When you reach the line with "(신안=뉴스1) = 19일" in the records below, begin transcribing exactly and continue up to and including the line with "Zložljiv lesen ležalnik – Relax – črn", leaving out every picture.

━━━ Extracted data ━━━

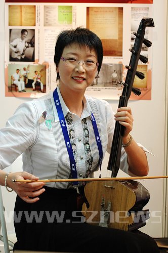 第四届文博会2号馆演艺产业馆可以说是“乐器的海洋”。走进该馆,你会看到各种各样的乐器:钢琴、二胡、小提琴、大提琴、架子鼓、长笛、萨克斯、长号、古筝……在这些传统乐器中,有一个新的乐器——全胡,尤其引人注目。
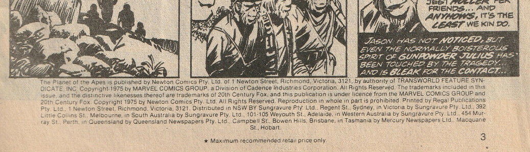 The Planet of the Apes is published by Newton Comics Pty. Ltd. Of 1 Newton Street, Richmond, Victoria, 3121, by authority of TRANSWORLD FEATURE SYNDICATE, INC. Copyright 1975 by MARVEL COMICS GROUP, a Division of Cadence Industries Corporation. All rights Reserved. The trademarks included in this issue and the distinctive likenesses thereof are trademarks of 20th Century Fox, and this publication is under licence from the MARVEL COMICS GROUP and 20th Century Fox. Copyright 1975 by Newton Comics Pty. Ltd. All rights Reserved. Reproduction in whole in part is prohibited. Printed by Regal Publications Pty. Ltd., 1 Newton Street, Richmond, Victoria, 3121. Distributed in NSW BY Sungravure Pty. Ltd., Regent St., Sydney, in Victoria by Sungravure Pty. Ltd., 392 Little Collins St., Melbourne, in South Australia by Sungravure Pty. Ltd., 101-105 Weyouth St., Adelaide, in Western Australia by Sungravure Pty. Ltd. 454 Murray St., Perth, in Queensland by Queensland Newspapers Pty. Ltd., Campbell St., Bowen Hills, Brisbane, in Tasmania by Mercury Newspapers Ltd., Macquarie St., Hobart.
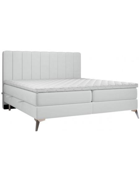 Aggaz kontinentalseng med opbevaring og sengegavl 180 x 200 cm med 7 komfortzoner - Krom/Lysegrå
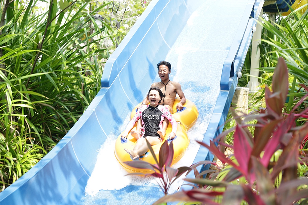 樂園目前配備12套大型游樂設施,近百條戲水滑道。其中包括垂直距離高達28米、下滑角度70°的國內頂尖心跳滑道——尖峰時速;長達1350米、詮釋雨林故事的休閑漂流項目——雨林漂流;面積16000平方米、海嘯浪可高達3米的造浪池項目——颶風海嘯及歡樂海岸;被稱之為“亞洲奇跡“的長280米的超長水上過山車——水上飛龍。
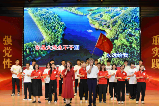 学院党委书记杨军、党委副书记👨🏿‍🔧、院长王伟带领思政课部教师和学生献唱歌曲《我和我的祖国》
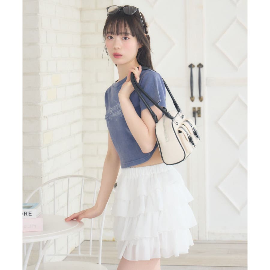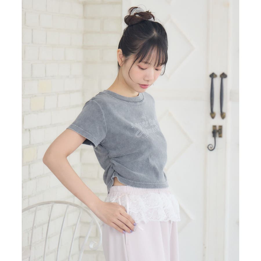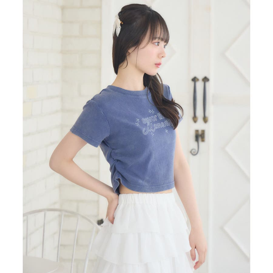 <ショート丈で加工感たっぷりのデザイン>▼デザインカジュアルなデザインのTシャツアイテム。両サイドが絞られたデザインで、ヘルシーなスタイリングに。加工感あるアシッドウォッシュでトレンドのY2Kスタイリングにもおすすめです!▼コーディネートどんなアイテムとも合わせやすいシンプルなTシャツアイテム。ウエストラインを綺麗に魅せるデザインなので、デニム合わせでY2Kにかっこよく♪------------------------------生地感:普通伸縮性:ある透け感:なし裏地:なし------------------------------▼ブランド紹介ems excite (エムズエキサイト)“more fun more cute”今をもっと楽しくもっと可愛くいたい女の子に向けたgirly cuteなブランド#Tシャツ #Tシャツ #Y2Kコーデ #ミニ丈デザイン#ミニTシャツ #シャーリング▼注意事項※撮影環境やモニター環境によって実際の商品とお色味が多少異なってみえる場合がございます。品番:EL557111C001 / 品名:アシッドウォッシュロゴTEE
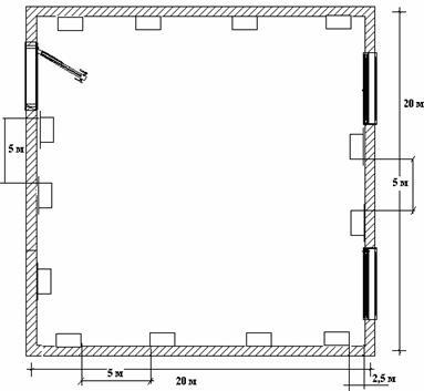 . Число автоматических извещателей, установленных в цехе, принимаются 270. Число ручных извещателей определяется удобством доступа, планировкой помещений и размерами цеха.
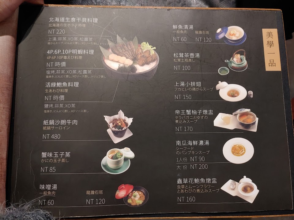 鮮魚頭火鍋, 炙燒牛肉, 金磚鹽焗鮑魚
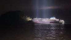 (신안=뉴스1) = 19일 오후 8시 16분쯤 전남 신안군 장산면 족도에 260여명이 탑승한 여객선이 좌초돼 해경이 구조 작업- 2025-11-19 23:15
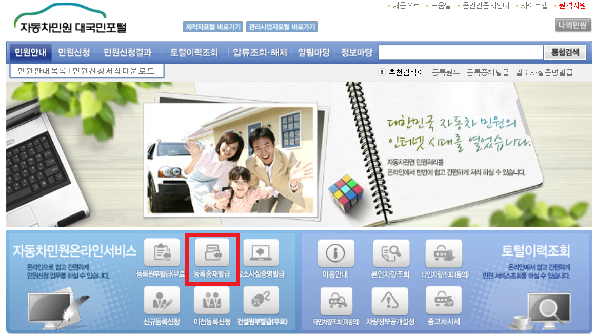 자동차 365홈페이지로 접속해도 자동차등록증을 발급받을 수가 있습니다. 홈페이지로 접속한 뒤 자동차 민원 대국민포털로 진입을 하게 되면 등록증재발급이라는 메뉴가 홈페이지 메인화면에 나오게 됩니다.
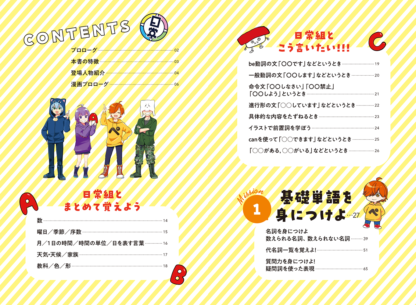 日常組にちなんだ例文などを通して、楽しくポイントを確認!
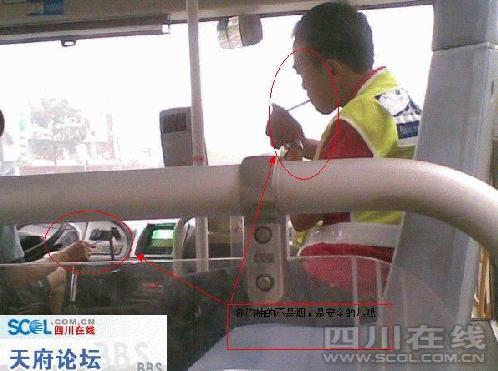 7日,網友“飛過海里”在天府論壇發帖稱,當日早上,他乘坐車牌號為川A90107的72路公交車去上班,剛上車,就發現駕駛員和安全員一邊聊天,一邊開車。在他快下車時,司機居然摸出兩支煙,自己拿一支,給公交安全員一支,并隨后點燃了煙。此時車上還有乘客,兩人就抽起了煙。
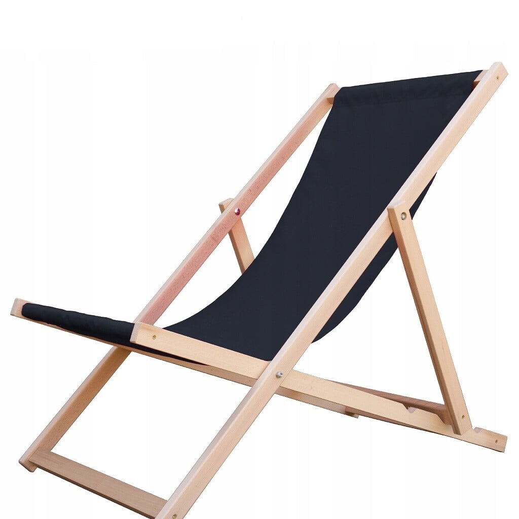 Zložljiv lesen ležalnik – Relax – črn
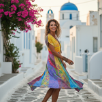 Το Nefeli - Φόρεμα με σχέδιο Μποέμ με σχέδιο Ήλιου είναι σχεδιασμένο για γυναίκες που θέλουν να αισθάνονται ελεύθερες, άνετες και φυσικά κομψές κάθε μέρα. Κατασκευασμένο από ελαφρύ και διαπνέον μείγμα βαμβακιού και λινού, αγκαλιάζει απαλά το δέρμα προσφέροντας δροσερή και αέρινη αίσθηση, ιδανική για τις πιο ζεστές ημέρες. Το διακριτικό σχέδιο εμπνευσμένο από τον ήλιο χαρίζει καλλιτεχνικό, μποέμ χαρακτήρα, ενώ η χαλαρή γραμμή κολακεύει τη σιλουέτα με φυσικό και αρμονικό τρόπο. Είναι το ιδανικό φόρεμα για να μεταβαίνετε effortlessly από τις καθημερινές βόλτες στις χαλαρές καλοκαιρινές βραδινές εξόδους.
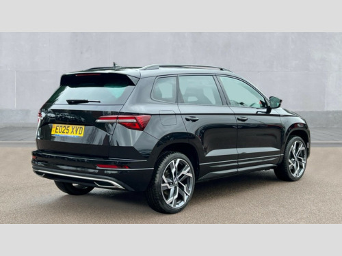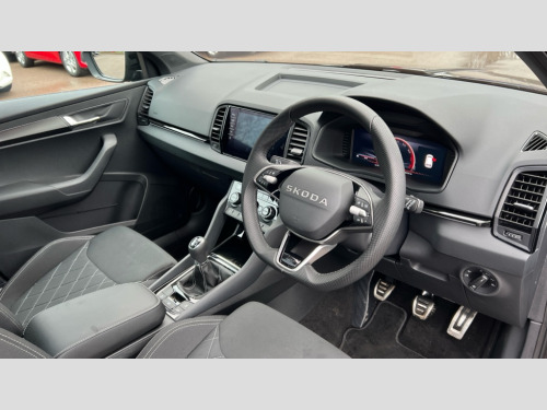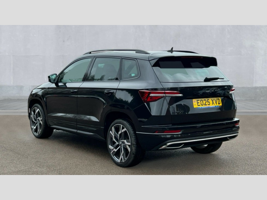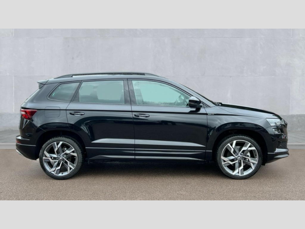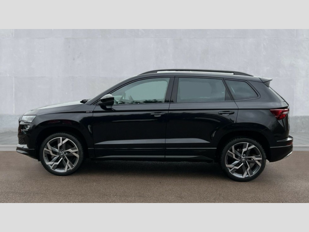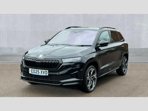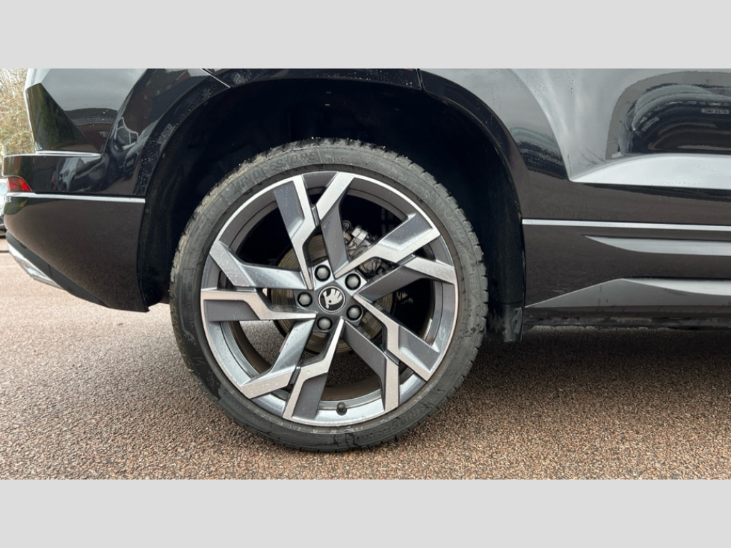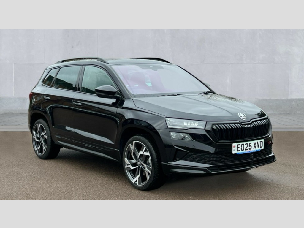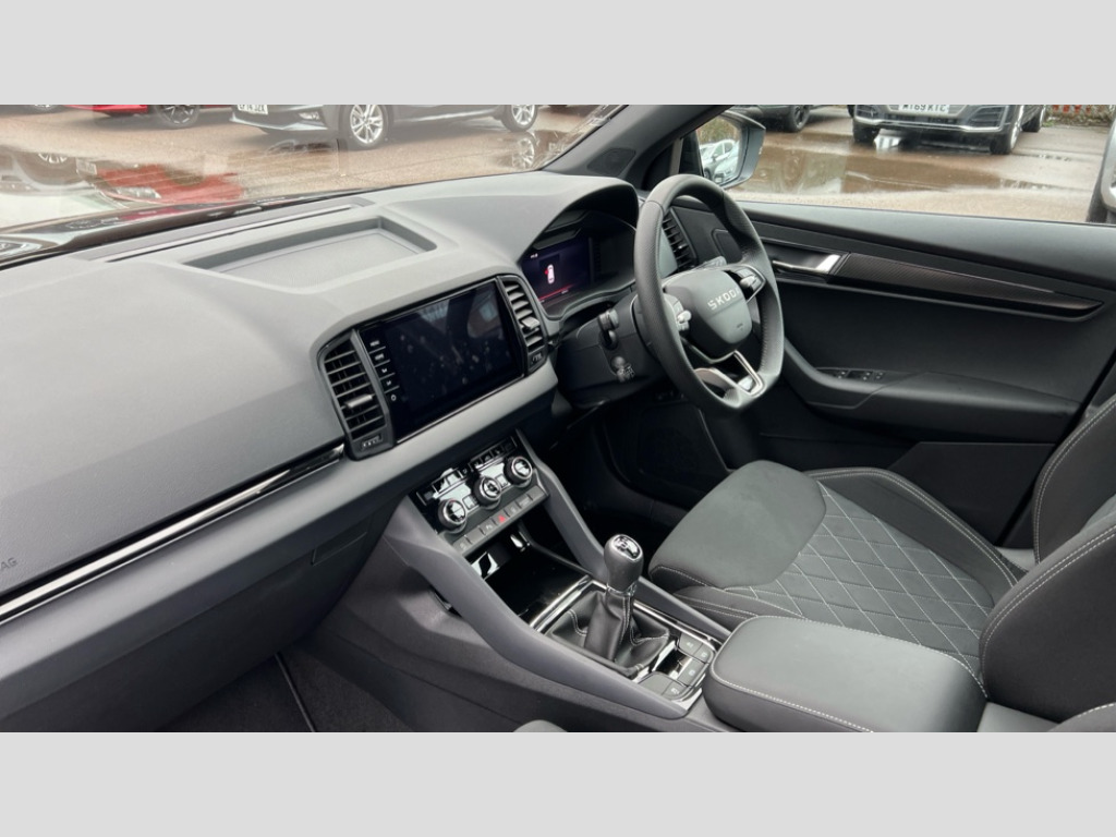 Skoda Karoq 1.5 TSI Sportline Edition 5dr Advanced driver attention and drowsiness monitor, Emergency services call system, Outside temperature gauge, Sensor for driver assistance systems, Service interval indicator, SmartLink wireless for Apple and wired for Android, Start/stop system with regenerative braking, Traffic sign recognition, USB C Port x 2 in front centre console, Virtual Cockpit - 10.25" digital display, Virtual pedal with electrically operated boot door, Wireless smartphone charging, DAB radio with Bluetooth, USB connection, Acoustic glass, Aero front windscreen wipers with intermittent function, Auto dimming rear view mirror with light and rain sensors, Black door mirrors, Black electric window control buttons, Black radiator grille, Black roof rails, Body colour door handles, Electric front and rear windows with child proof lock, Extended rear roof spoiler, Front door steps with SportLine logo, Heated rear windscreen, LED daytime running lights, LED rear lights with high functionality welcome effect and dynamic indicators, Light assistant (coming/leaving home/tunnel light), Panoramic sliding sunroof, Plastic scuff plates in door apertures, Privacy glass, Protective door side sills in body colour, Rear diffuser, Rear side wing doors, Rear window wiper with washer system and intermittent control, Safety reflectors on front doors, Skoda lettering on tailgate in black, Sportline badge on front fender, Sports front and rear bumpers, Third brake light, Unique dark chrome design logo on alloy wheels, 1.5 litre bottle holders in driver and front passenger door panels, 12V socket in boot, 12v socket in front centre armrest with storage compartment and rear air vents, 2 x Tablet holder, 3 rear height adjustable headrests, 3 seat bench in 2nd row, 3 spoke sports leather heated multifunction steering wheel, 4 foldable roof handles with rear coat hooks, Black floor carpet, Cargo elements in boot, Chrome inner door handles, Foldable hooks in the boot, Front head restraints, Height adjustable front three point seats belts with tensioners, Height/reach adjust steering wheel, Ice scraper, Illuminated glovebox, Illuminated luggage compartment, Isofix child seat preparation for front passenger seat, Isofix child seat preparation outer rear, Manual lumbar support for front seats, Pen holder, Pollen filter, Rear backrest release from boot, Rear boot cover, Rear package tray, Rear reading lights, Rear seats fixed folding and divided 60:40, Rubbish bin door, Safety vest holder, Single front passenger seat, Skoda lettering on steering wheel, Sportline decorative inserts, Storage box in upper central dashboard closed, Sunvisors with illuminated vanity mirrors, Textile floor mats, Ticket holder, Titan black interior ceiling, Umbrella under passenger seat, Under passenger seat storage compartment, Columbus pack - Karoq, LED Interior lighting pack with Skoda welcome logo - Karoq, Light Pack - Karoq, Non Smokers pack, Performance pack - Karoq, Winter plus pack with heated front and rear seats - Karoq, Automatic door unlocking in case of crash, Automatic fuel cut off in case of crash, Driver airbag, Electronic parking brake with auto hold function, Emergency rear braking signal, ESC (incl. ABS+MSR+ASR+EDS+HBA+DSR+RBS+MKB), Front side airbags, Head airbags, Hill hold control, Knee airbags, Passenger airbag with switch-off function, Pedestrian monitor, Seatbelt reminder signalisation and pretensioner for all seats, Three point seatbelts rear, Two tone horn, Tyre pressure monitor, Alarm with interior monitoring, back up horn and tilt sensor with safe function, Electronic engine immobiliser, Keyless entry and start/stop, Remote central locking with 2 remote folding keys, Black air vent surround, Black centre console, carbon door decor, Satin black dashboard, Satin black door trim, 19" Sagittarius anthracite alloy wheels, Anti-theft wheel bolts protection, Breakdown and tool kit

━━━

Solved problem:
 (신안=뉴스1) = 19일 오후 8시 16분쯤 전남 신안군 장산면 족도에 260여명이 탑승한 여객선이 좌초돼 해경이 구조 작업- 2025-11-19 23:15
 자동차 365홈페이지로 접속해도 자동차등록증을 발급받을 수가 있습니다. 홈페이지로 접속한 뒤 자동차 민원 대국민포털로 진입을 하게 되면 등록증재발급이라는 메뉴가 홈페이지 메인화면에 나오게 됩니다.
 日常組にちなんだ例文などを通して、楽しくポイントを確認!
 7日,網友“飛過海里”在天府論壇發帖稱,當日早上,他乘坐車牌號為川A90107的72路公交車去上班,剛上車,就發現駕駛員和安全員一邊聊天,一邊開車。在他快下車時,司機居然摸出兩支煙,自己拿一支,給公交安全員一支,并隨后點燃了煙。此時車上還有乘客,兩人就抽起了煙。
 Zložljiv lesen ležalnik – Relax – črn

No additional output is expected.